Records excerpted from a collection
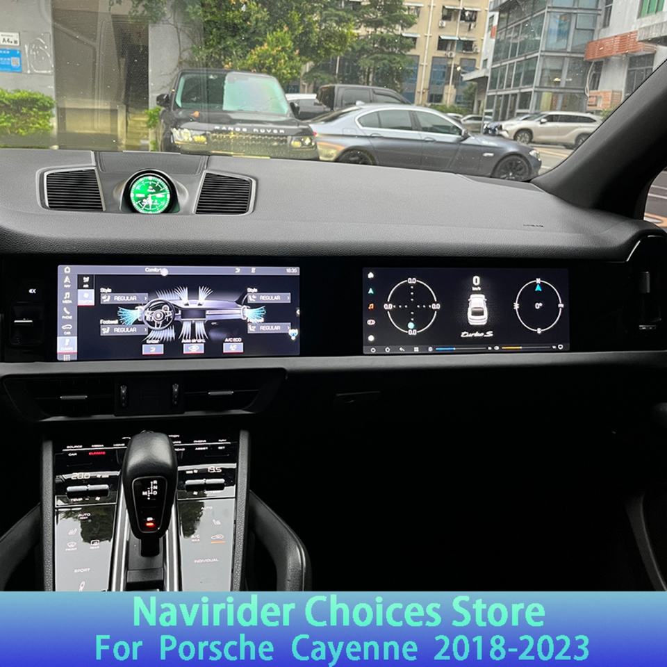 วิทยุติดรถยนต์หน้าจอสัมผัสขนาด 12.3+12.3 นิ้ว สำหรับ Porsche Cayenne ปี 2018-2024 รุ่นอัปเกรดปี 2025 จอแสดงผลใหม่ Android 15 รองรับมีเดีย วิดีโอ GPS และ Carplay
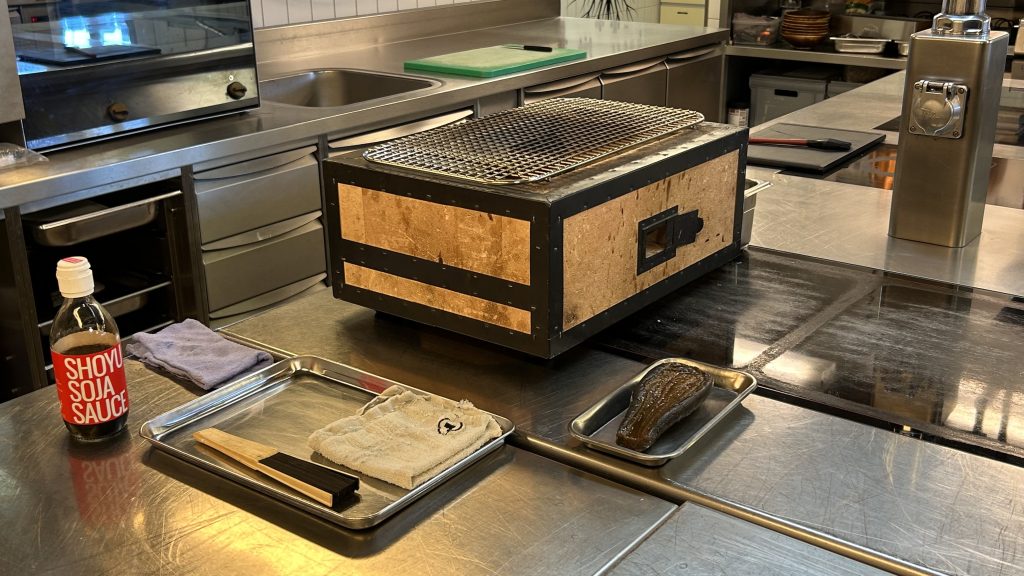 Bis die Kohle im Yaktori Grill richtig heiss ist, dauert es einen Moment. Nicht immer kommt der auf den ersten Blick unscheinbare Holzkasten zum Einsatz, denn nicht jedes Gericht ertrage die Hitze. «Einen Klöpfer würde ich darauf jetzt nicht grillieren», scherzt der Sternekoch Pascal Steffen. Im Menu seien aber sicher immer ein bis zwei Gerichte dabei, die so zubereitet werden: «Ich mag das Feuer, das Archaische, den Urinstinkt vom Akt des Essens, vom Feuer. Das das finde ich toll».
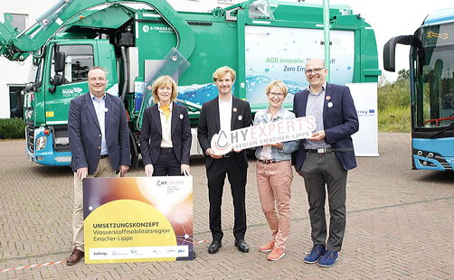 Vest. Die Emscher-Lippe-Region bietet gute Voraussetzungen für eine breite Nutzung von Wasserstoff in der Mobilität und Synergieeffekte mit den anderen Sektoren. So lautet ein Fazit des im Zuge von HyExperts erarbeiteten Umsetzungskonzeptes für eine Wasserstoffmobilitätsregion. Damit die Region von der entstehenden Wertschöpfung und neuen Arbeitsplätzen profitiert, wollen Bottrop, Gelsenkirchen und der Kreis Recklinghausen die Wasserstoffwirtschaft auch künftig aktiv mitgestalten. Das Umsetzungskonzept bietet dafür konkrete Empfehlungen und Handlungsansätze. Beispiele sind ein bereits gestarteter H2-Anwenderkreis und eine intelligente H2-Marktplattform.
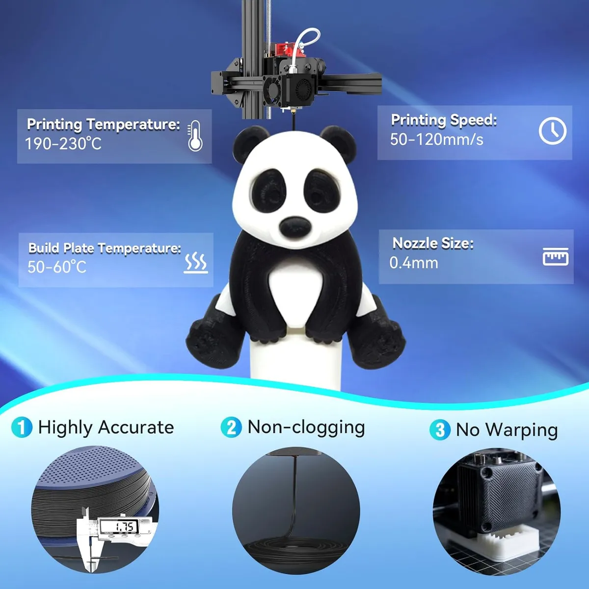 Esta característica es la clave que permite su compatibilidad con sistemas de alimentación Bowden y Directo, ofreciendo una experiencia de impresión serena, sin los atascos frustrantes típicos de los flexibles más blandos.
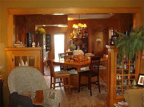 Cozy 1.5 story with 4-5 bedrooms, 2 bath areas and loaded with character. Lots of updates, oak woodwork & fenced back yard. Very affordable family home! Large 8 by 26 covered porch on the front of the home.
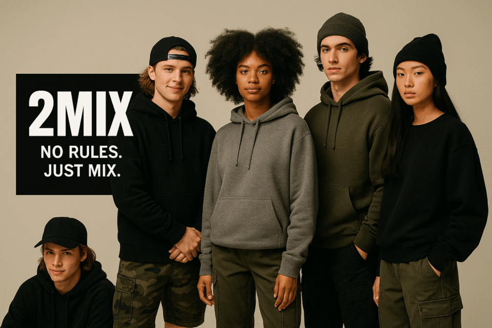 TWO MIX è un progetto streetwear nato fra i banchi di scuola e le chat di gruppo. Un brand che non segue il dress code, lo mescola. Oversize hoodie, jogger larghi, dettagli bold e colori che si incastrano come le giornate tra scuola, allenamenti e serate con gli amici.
...
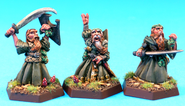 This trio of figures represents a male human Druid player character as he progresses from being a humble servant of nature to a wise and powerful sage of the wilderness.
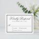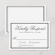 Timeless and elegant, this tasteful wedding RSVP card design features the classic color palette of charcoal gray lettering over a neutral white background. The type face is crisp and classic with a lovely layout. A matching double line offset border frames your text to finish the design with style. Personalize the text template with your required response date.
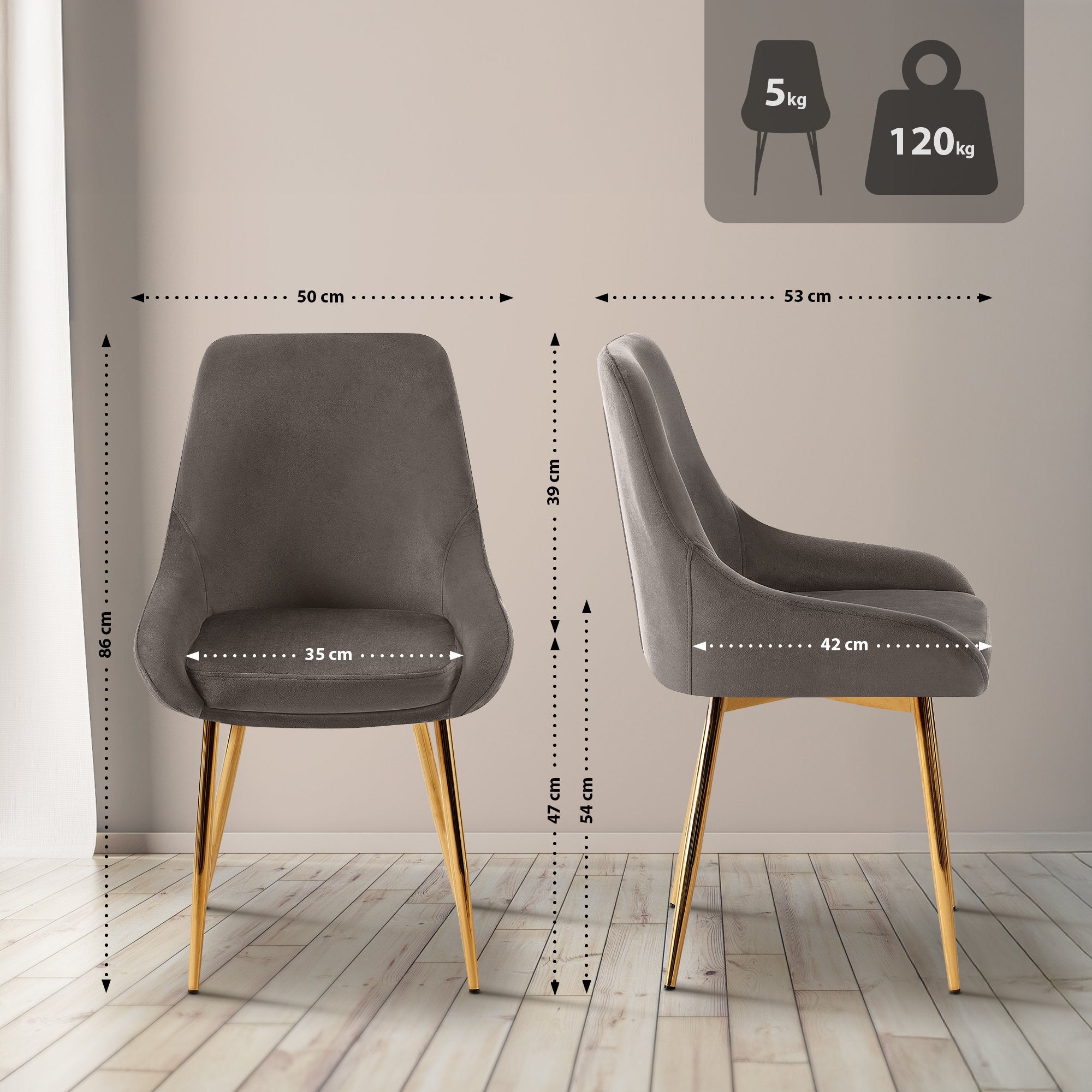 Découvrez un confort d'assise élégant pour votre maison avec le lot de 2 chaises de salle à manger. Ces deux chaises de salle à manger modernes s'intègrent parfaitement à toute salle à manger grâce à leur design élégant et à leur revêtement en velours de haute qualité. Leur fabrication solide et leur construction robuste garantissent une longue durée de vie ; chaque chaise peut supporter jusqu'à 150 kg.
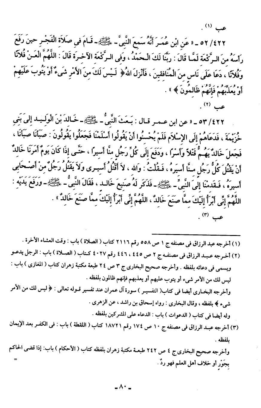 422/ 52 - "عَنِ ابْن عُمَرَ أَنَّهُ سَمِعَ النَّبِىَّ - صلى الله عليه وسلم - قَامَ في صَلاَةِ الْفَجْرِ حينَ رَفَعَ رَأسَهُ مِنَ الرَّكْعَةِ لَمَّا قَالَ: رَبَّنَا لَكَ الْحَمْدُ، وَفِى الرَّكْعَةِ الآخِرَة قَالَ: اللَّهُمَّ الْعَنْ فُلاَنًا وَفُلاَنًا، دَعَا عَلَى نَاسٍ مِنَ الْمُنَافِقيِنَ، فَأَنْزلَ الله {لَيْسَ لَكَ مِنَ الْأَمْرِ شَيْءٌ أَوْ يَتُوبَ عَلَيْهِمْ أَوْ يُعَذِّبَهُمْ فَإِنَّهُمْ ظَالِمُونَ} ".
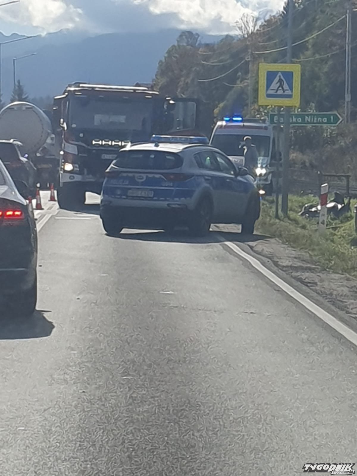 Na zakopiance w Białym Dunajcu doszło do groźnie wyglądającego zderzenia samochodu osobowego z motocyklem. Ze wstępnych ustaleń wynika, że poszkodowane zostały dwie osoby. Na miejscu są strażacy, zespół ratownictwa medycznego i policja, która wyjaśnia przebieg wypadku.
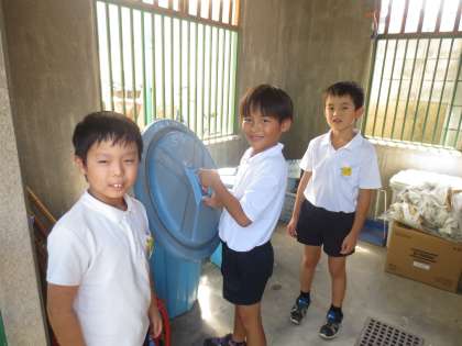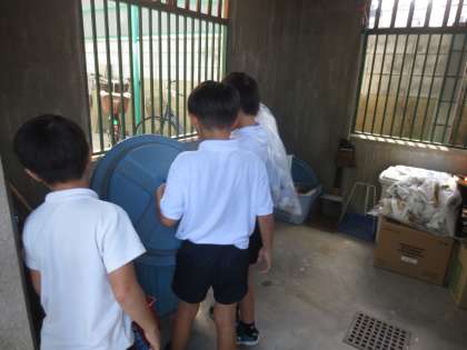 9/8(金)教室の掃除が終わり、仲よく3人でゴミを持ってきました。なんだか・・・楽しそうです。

* What you are asked to do
Exercise for the records above: copy only the lines from the one with "This trio of" to the one with "Timeless and elegant, this", both ends kept, and drop the pictures.

* Exercise solution
 This trio of figures represents a male human Druid player character as he progresses from being a humble servant of nature to a wise and powerful sage of the wilderness.
 Timeless and elegant, this tasteful wedding RSVP card design features the classic color palette of charcoal gray lettering over a neutral white background. The type face is crisp and classic with a lovely layout. A matching double line offset border frames your text to finish the design with style. Personalize the text template with your required response date.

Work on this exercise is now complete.